A new adaptation parameter strategy improves propagation in discontinuous regions.
Theoretical guarantees are established for local constant functions with sharp edges.
Abstract
The Propagation-Separation approach is an iterative procedure for pointwise estimation of local constant and local polynomial functions. The estimator is defined as a weighted mean of the observations with data-driven weights. Within homogeneous regions it ensures a similar behavior as non-adaptive smoothing (propagation), while avoiding smoothing among distinct regions (separation).

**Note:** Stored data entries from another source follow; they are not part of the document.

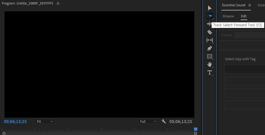 트렉 셀렉트 포워드 툴은 기본 단축키 A로 설정되어 있습니다. 그렇지만 'A'단축키도 한글키가 반영돼 있으면 다시 영문으로 되돌려서 사용해야 하는 불편함이 있어 'F2'으로 설정해서 사용하고 있습니다. 이 툴은 타임라인 선택한 클립을 포함하여 맨 뒤쪽 클립까지 모두 선택을 해주는 툴입니다. 컷 편집 시 클립을 전체적으로 이동할 일이 많아 자주 사용하게 됩니다.
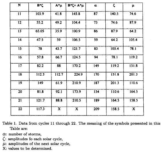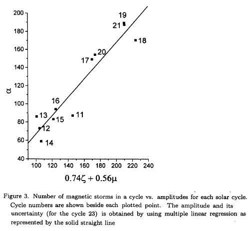 Where α is the number of magnetic storms, ζ the amplitude of the current solar cycle and μ the amplitude of the next solar cycle. The coefficient of the linear correlation turned out to be 0.977.
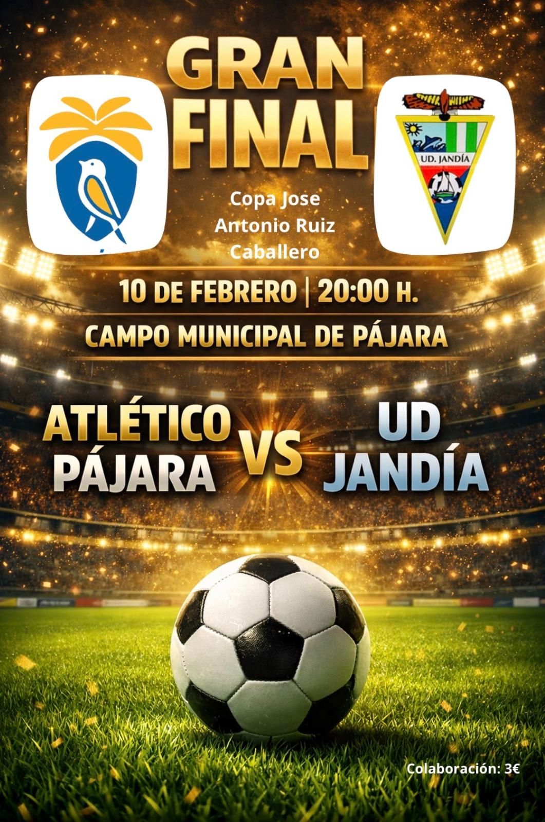 El próximo martes 10 de febrero a las 20:00 horas, el Campo Municipal de Pájara acogerá la esperada Gran Final de la Copa José Antonio Ruiz Caballero, un duelo cargado de emoción entre dos grandes del fútbol sureño: Atlético Pájara y UD Jandía.
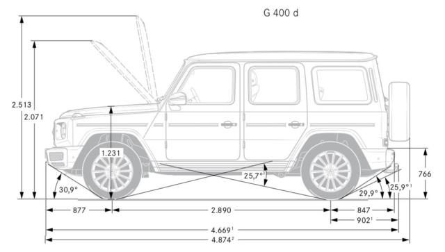 G400d的动力是G350d发动机的调校版本。直系六缸3.0T涡轮增压,最大马力330,最大功率243,最大扭矩700,结合9速自动变速箱和4Matic四轮驱动系统,标配低档齿轮和三个差速锁,百公里加速的时间为6.4秒,最高速度电子限制为210公里。
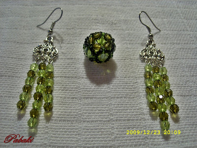 Zöld csiszolt gyöngyökből készült lógós fülbevaló, hozzá medálként a gyöngybogyó - Arduinna.
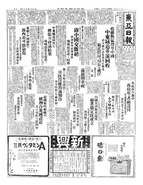 - 東三省外交移管(동삼성외교이관)으로 日旣得權消滅期待(일기득권소멸기대)
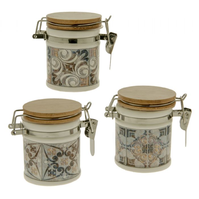 barattolo in ceramica con tappo ermetico in legno collezione pompei in ceramica h cm 8 assortimento da 3 pezzi prezzo cad
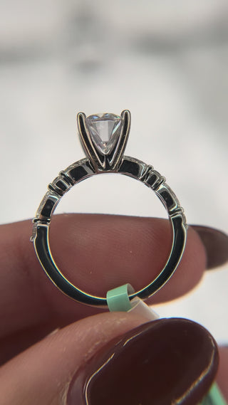 This 14k white gold semi-mount wedding ring is expertly crafted to showcase a stunning 2-carat oval center stone of your choice. Featuring 1/2 carat total weight of lab-grown diamonds, it offers brilliant sparkle and ethical elegance. The design balances classic sophistication with modern craftsmanship, providing a perfect foundation for a personalized engagement ring. Details: - Metal: 14k white gold - Diamond type: Lab-grown - Total diamond weight: 1/2 carat (accent stones) - Setting: Semi-mount designed for a 2-carat oval center stone - Style: Elegant and versatile, ideal for custom center stones
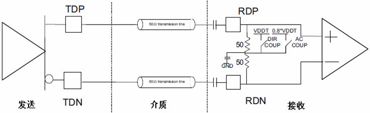 圖3是TLK3132高速串行接口的AC耦合框圖,采用CML高速電平接口,發(fā)送側(cè)內(nèi)部集成了50歐姆的匹配電阻。接收端支持DC和AC耦合,若采用直流耦合時(shí),共模電壓由發(fā)送側(cè)決定,匹配電阻直接上拉到VDDT,若采用交流耦合,為得到最優(yōu)的共模偏置電壓,選擇芯片內(nèi)部0.8VDDT的偏置電壓。在實(shí)際電路設(shè)計(jì)中,推薦采用交流耦合方式,容易實(shí)現(xiàn)不同接口的電平轉(zhuǎn)換,并可去除共模噪聲,避免外界噪聲對(duì)接收端的影響。

In order to enable a proof of stability of estimates, the authors of the original study introduced an additional memory step aggregating the estimators of the successive iteration steps. Here, we study theoretical properties of the simplified algorithm, where the memory step is omitted. In particular, we introduce a new strategy for the choice of the adaptation parameter yielding propagation and stability for local constant functions with sharp discontinuities.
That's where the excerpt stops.